### ASSIGNMENT
When the line with "Deputetë të shumicës" turns up below, begin repeating exactly, and carry on through the line with "Большая группа людей, стоящих"; no pictures go into the copy.

### PROVIDED RECORDS
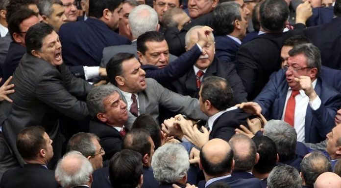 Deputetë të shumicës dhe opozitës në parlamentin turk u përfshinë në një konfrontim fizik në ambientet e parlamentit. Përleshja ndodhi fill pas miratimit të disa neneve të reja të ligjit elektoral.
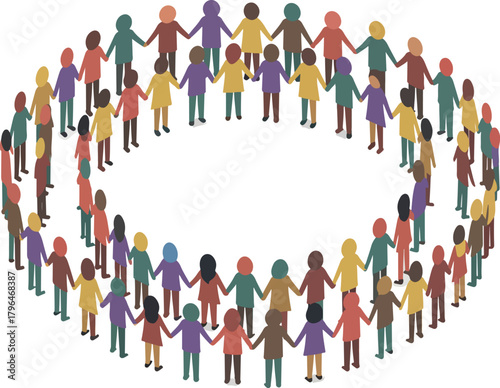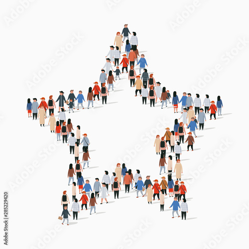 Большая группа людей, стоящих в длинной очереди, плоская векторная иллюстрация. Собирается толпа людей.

==

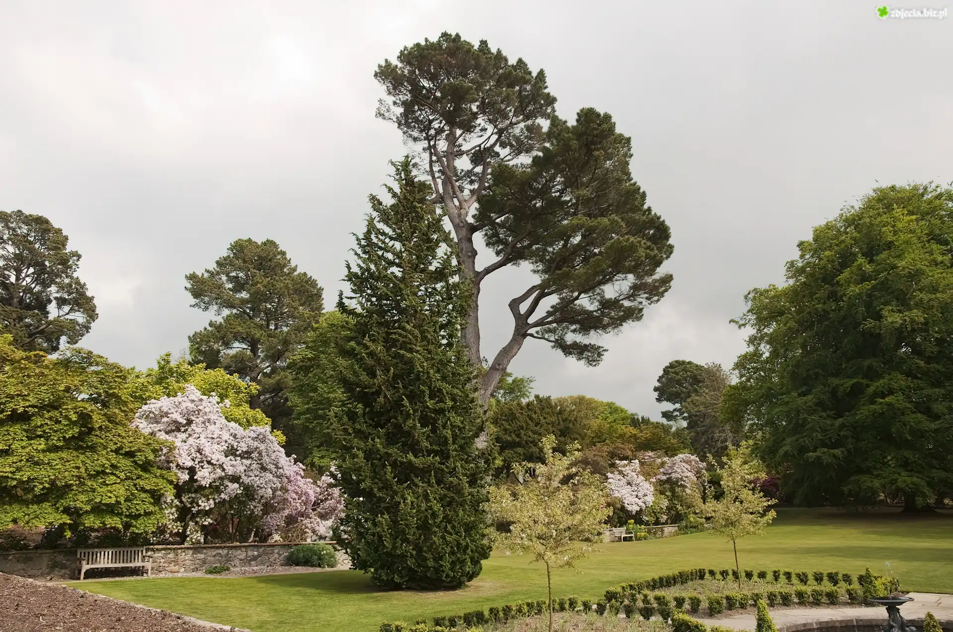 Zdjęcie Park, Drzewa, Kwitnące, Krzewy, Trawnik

...

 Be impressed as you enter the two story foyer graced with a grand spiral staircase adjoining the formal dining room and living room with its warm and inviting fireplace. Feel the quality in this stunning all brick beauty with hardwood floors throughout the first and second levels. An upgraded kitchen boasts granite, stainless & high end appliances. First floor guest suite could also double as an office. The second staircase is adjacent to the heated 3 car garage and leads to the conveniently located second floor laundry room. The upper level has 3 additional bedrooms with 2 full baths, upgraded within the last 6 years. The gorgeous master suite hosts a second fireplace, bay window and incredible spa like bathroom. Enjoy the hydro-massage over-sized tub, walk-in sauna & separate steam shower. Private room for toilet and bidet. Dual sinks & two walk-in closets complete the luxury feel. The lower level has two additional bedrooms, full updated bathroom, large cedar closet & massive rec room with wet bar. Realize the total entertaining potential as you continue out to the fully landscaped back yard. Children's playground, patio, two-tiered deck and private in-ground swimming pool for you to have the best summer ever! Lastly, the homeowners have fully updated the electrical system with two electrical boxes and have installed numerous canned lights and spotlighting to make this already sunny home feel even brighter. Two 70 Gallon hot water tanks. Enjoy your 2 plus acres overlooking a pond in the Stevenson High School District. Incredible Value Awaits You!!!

### EXERCISE ANSWER
 Deputetë të shumicës dhe opozitës në parlamentin turk u përfshinë në një konfrontim fizik në ambientet e parlamentit. Përleshja ndodhi fill pas miratimit të disa neneve të reja të ligjit elektoral.
 Большая группа людей, стоящих в длинной очереди, плоская векторная иллюстрация. Собирается толпа людей.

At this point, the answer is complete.